KDP’ye tepkilerin her geçen gün arttığını dile getiren Berwarî, “Pêşmergelerin çoğu birakujî savaşında yaşamını yitirdi. Eğer o kadar şehidi büyük Kürdistan’ın özgürlüğü için vermiş olsaydık, bugün tek parça olurduk” ifadelerini kullandı. Barzani Ailesi'nin politikaları sonucu Federe Kürdistan'da ekonomik ve siyasi krizin yaşandığına işaret eden Berwarî, “2014'ten beri Başûr’da ekonomik kriz var ve her geçen gün daha da kötüye gidiyor. Maaşlar ödenmiyor. Çok kötü ekonomiyi düzeltmeye yönelik herhangi bir politika izlenmiyor. İşsizlik artıyor. Halk çaresiz kalınca ya yurt dışına göç etmek ya da askeri veya istihbarat elemanı olmak zorunda kalıyor. 400-500 dolar için kendini öldürtecek işler de yapıyor” şeklinde konuştu.
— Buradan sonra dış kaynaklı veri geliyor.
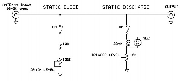 | There are some very orthodox, time-honored, rudimentary ways to deal with the DC static electrical charge that builds up on antennas, and the RF electrical, near-field, transients that become induced into the antenna system. Although this would apply to any antenna, especially those which are outside a building, for end fed antennas in particular, this application is more that an option - it's an absolute necessity - for listening convenience, equipment protection, and of course, personal safety. However, these features are usually built into a receiver, are of fixed value, and pretty much transparent to the user. | ||||||||||||||||
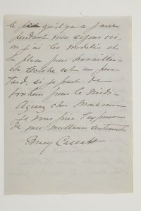 Mesnil-Beaufresne, 14 septembre [1913]. Elle le prie « de permettre la personne envoyée par la maison Durand-Ruel de prendre mon tableau chez vous. Je voudrais faire le peu qu’il y a à faire pendant mon séjour ici, où j’ai les modèles et la place pour travailler »…{CR} Villa Angeletto, Grasse 28 décembre 1913. « Je reçois des lettres me disant que votre livre est écrit d’un style charmant. Je n’ai pas reçu des articles de journaux dont vous me parlez. C’est si pénible pour moi de voir mon nom dans un journal. Mais j’espère que le livre aura du succès après la peine que vous vous êtes donné. Nous avons eu un temps radieux ici, et avec le soleil qui nous a tant manqué cet été »…

Barzanilerden hesap sormalıyız

KDP’nin Türkiye ile iş birliğinin kötü sonuçlara yol açtığını, daha da açacağını ifade eden Berwarî, şöyle devam etti: “Kürdistan düşmanlarının elinde, sadece Kürtleri Kürtlere öldürtme silahı kaldı. Nasıl ki Sultan Selim, Kanuni ve Abdülhamit, imparatorluğunu Kürtlerin kanı üzerine inşa ettiyse; nasıl ki Mustafa Kemal de Kürtlerin kanıyla bir devlet kurduysa; Emeviler, Abbasiler, Saddam Hüseyin, İran Şahı Kürtlerin kanı üzerinden kendilerini var ettiyse; Esad, Kürtlerin üzerinden devlet olduysa şüphesiz şimdi de sadece Kürt düşmanlığıyla ve Kürdistan'ın işgaliyle amaçlarına ulaşmak istiyorlar. Kürtlerin bu ortaklıkta hiçbir menfaati ve çıkarı yoktur. Bu iş birliği yüzünden Başûrê Kurdistan’da kaos olacak. Ekonomik, siyasi ve güvenlik durumu daha da kötüleşecek. Bunun için bizlerin açık ve net bir şekilde sesimizi Başûrê Kurdistan yöneticilerine duyurmamız gerekiyor. Halk olarak iktidardakilerden hesap sormalıyız. Kim size Şengal’e karşı savaşma hakkı verdi? Kim size Rojava üzerine ambargo uygulama hakkı tanıdı? Kim size Rojhilatê Kurdistan'a karşı savaşma hakkı verdi? Kim size birakujî hakkı verdi de 40-50 yıldır bunu sürdürüyorsunuz? Siz hangi hakla Bakûrê Kurdistan ile savaşıyorsunuz? Ne hakla işgalci askerleri Kürdistan topraklarına getirdiniz? Başûr halkı bu soruların cevabını bekliyor.” 

Sonuç alamayacaklar

Dört parçada Kürtlerin birlik olması gerektiğinin altını çizen Berwarî, “Savaş ve öldürmekle hiçbir sorun çözülmez. Başûr hükümetinin başkan ve yönetiminin Türkiye ile PKK arasında aracı olması; Türkiye’nin de tutuklama, öldürme, işgal ve talan etme siyasetinin başarıya ulaşmayacağını görmesi gerekiyor” dedi.

Ambargo ahlak dışıdır

KDP’nin Mexmûr Mülteci Kampı’na üç yılı aşkındır uyguladığı ambargoya dikkat çeken Berwarî, “Sürdürülen abluka, mantık, hukuk ve akıl karı değil; insanlık ve ahlak dışıdır. Bu asla kabul edilemez. Mexmûr, Şengal, Rojava, Metîna ve diğer bölgelerdeki ambargolar, Kürdistan’ı işgal etmek isteyenlere hizmettir. Kürdistan'ın birliğine karşıdır” şeklinde konuştu.

 

Güney'deki Meclis kilitli

Kürdistan Komela Dadgerî Fraksiyonu Başkanı Ebdulstar Mecîd

Güney Kürdistan'da siyasi ve ekonomik krizin derinleştiği, halkın alım gücünün düştüğü, maaşların ödenmediği bir dönemde çözüm gücü olması gereken Meclis, aylardır toplanamıyor.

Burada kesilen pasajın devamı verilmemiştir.